Старомодные круглые темные очочки Герберта Штейна не могли скрыть ни синяков, ни тем более расквашенного носа, когда я, едва появившись на улице, наткнулся на Туулу: сначала она, как бы сдерживая крик, испуганно прикрыла рукой рот, затем попятилась и, ускорив шаг, скрылась в толпе. К тому времени мы с ней уже расстались, я видел ее иногда лишь издалека, где-то в районе гостиницы «Астория» или на изгибе улочки Антокольского. Ее брат попадался мне на глаза чаще, мы с ним даже присаживались покурить, только вот о Тууле не упоминали ни словом. По-моему, мы с ним тоже неплохо бы поладили - хотя что это я, мы и так ладили. А Туулу я видел лишь издали. Вот и сейчас! Я наслаждался собственными муками - ни разу не догонял Туулу, не пытался заговорить с ней или удержать. Мне и в голову не приходило просто пригласить ее в кондитерскую выпить кофе или проводить до ближайшего угла - не было этого. Достаточно было увидеть ее, кивнуть при встрече, и я снова понуро плелся своей дорогой. Гляди! - мысленно обращался я к ней, когда она, тоже издалека, замечала меня с бокалом в руке возле «Гроба отца», был такой ларек, был, с этаким налетом богемности - случалось, здесь кучковались журналисты, реставраторы и такие, как я, - в лоснящихся на локтях пиджачках, с непросыхающей каплей под носом. Гляди! - взывало мое сердце. - Это твоя вина, что я тут толкусь! Сам видел ее кислую мину, когда она встретила меня под руку с шатающейся Кайрой Примеа, спившейся эстонкой, которая чуть ли не на целых три года застряла в Вильнюсе в командировке... Это ты виновата в том, сурово клеймил я ее, что я волоку эту пьяную подстилку в ее сырую постель, куда-то в район Маркучяй, на «Пушкиновку»9, вместо того чтобы сидеть с тобой под сводчатым потолком, разглядывать твое парящее надо мной плоское тело, озаренное зеленоватым светом луны... Ты виновата!
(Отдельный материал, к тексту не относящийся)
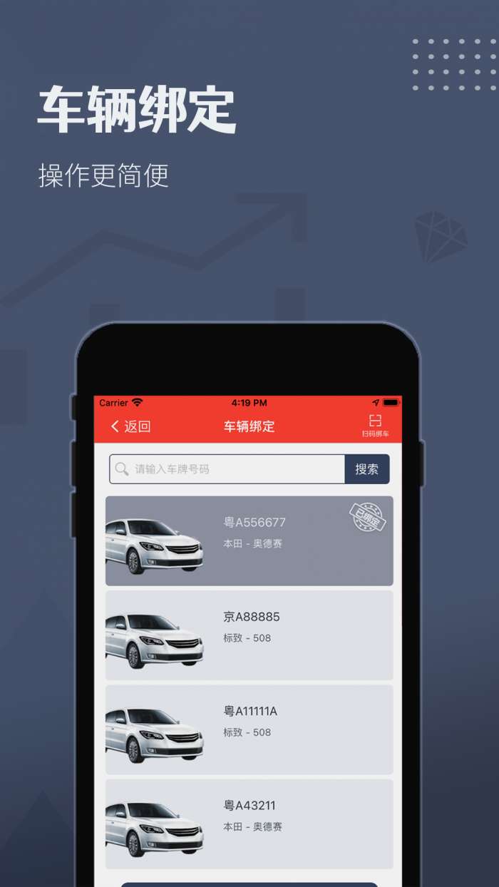 2、绑定车辆,使用车辆信息绑定功能绑定自己车辆档案或随时解绑。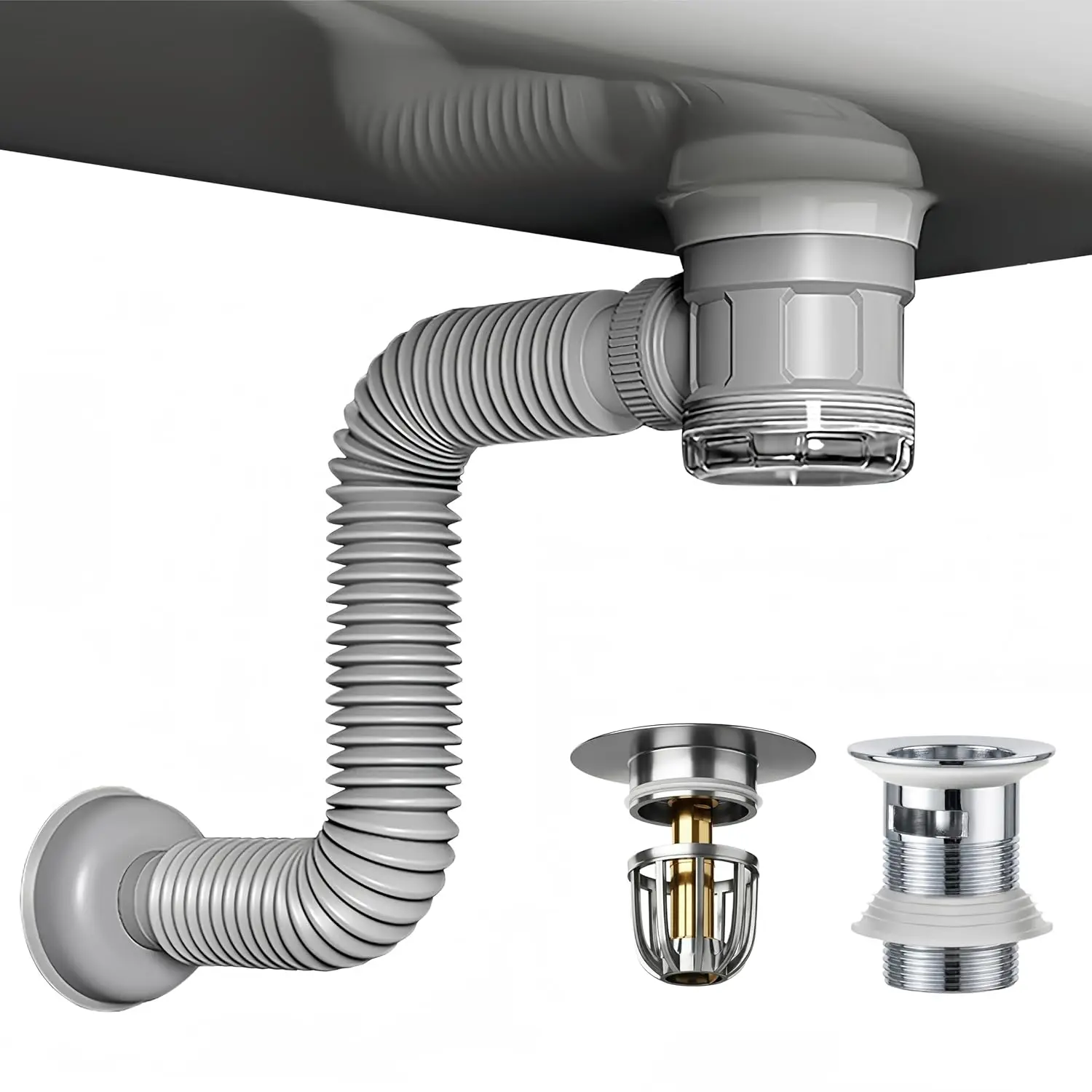 Juego de escurridor de fregadero de cocina de acero inoxidable 304, tubo de bajada antiolor, cabezal de drenaje para lavabo, accesorios, fregadero individual doble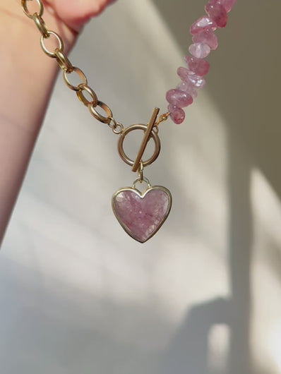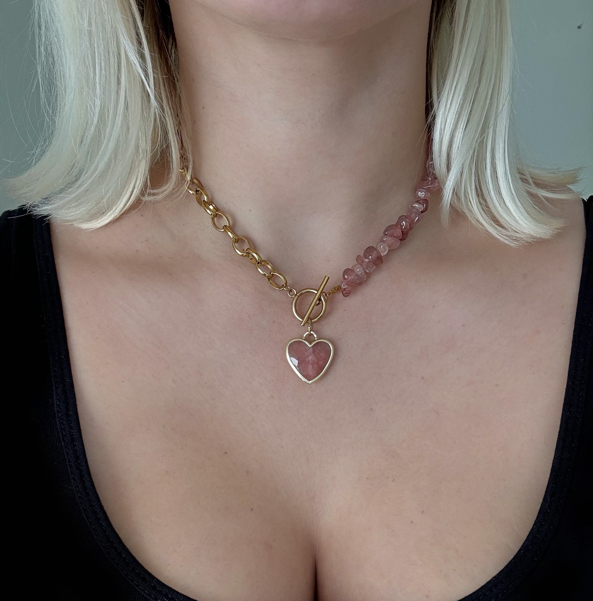 Colgante en forma de corazon: Cuarzo fresa y latón chapado en oro 18k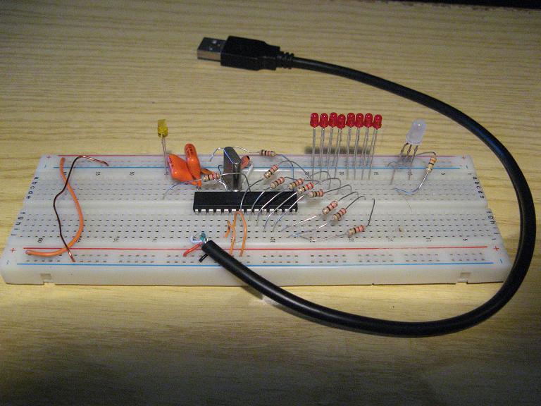 Ho collegato una serie di 8 led con relative resistenze da 220 ohm sulla PORTB e un led sulla PORTA che lampeggia quando la USB è riconosciuta da Windows.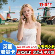 英国电话卡three高速4G/5G流量手机上网卡伦敦旅游留学可选999GB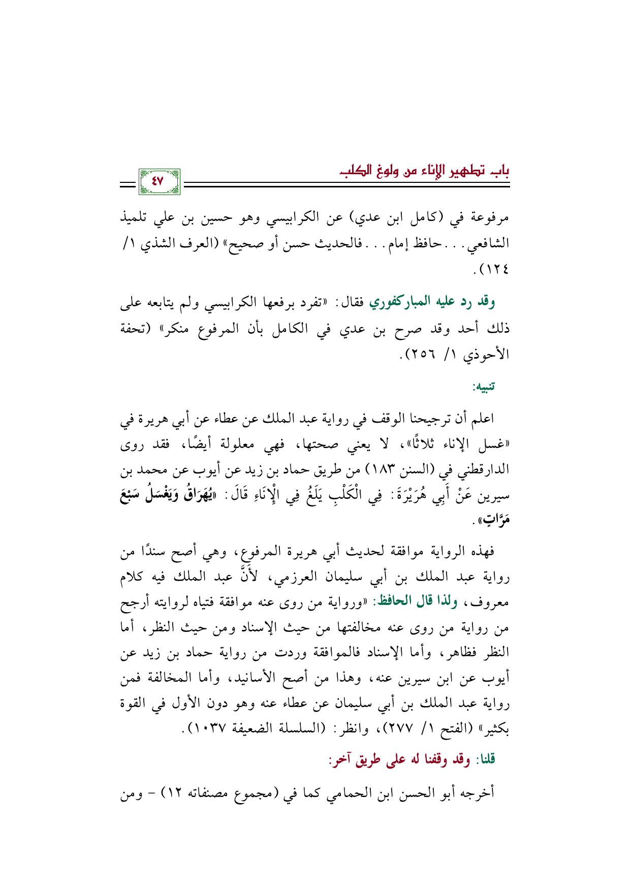 اعلم أن ترجيحنا الوقف في رواية عبد الملك عن عطاء عن أبي هريرة في ((غسل الإناء ثلاثًا))، لا يعني صحتها، فهي معلولة أيضًا، فقد روى الدارقطني في (السنن ١٨٣) من طريق حماد بن زيد عن أيوب عن محمد بن سيرين عَنْ أَبِي هُرَيْرَةَ: فِي الْكَلْبِ يَلَغُ فِي الْإِنَاءِ قَالَ: ((يُهَرَاقُ وَيَغْسَلُ سَبْعَ مَرَّاتٍ)).
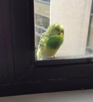 Pet bird (I believe it is a green Budgie) spotted  (SIGHTING) on south side of Memorial Hermann Southwest building, located at Beechnut and 59. After trying to entire the bird off the side of the building and in through a window to food and water, the bird flew away and has not been seen by the reporting hospital employee since. Good luck to this bird and its owners.

Но это был всего лишь упоительный полупьяный крик души плюс жуткая досада: это ж надо было попасться ей на глаза с этим эстонским чучелом! Нет, чтобы хоть разок встретить ее, Туулу, - зверушку, стрекозу, ленивую засоню - с каким-нибудь атлетом или престарелым гением. Все одна да одна. Все в той же рыжей шубейке. Идет ссутулившись, вид какой-то затравленный.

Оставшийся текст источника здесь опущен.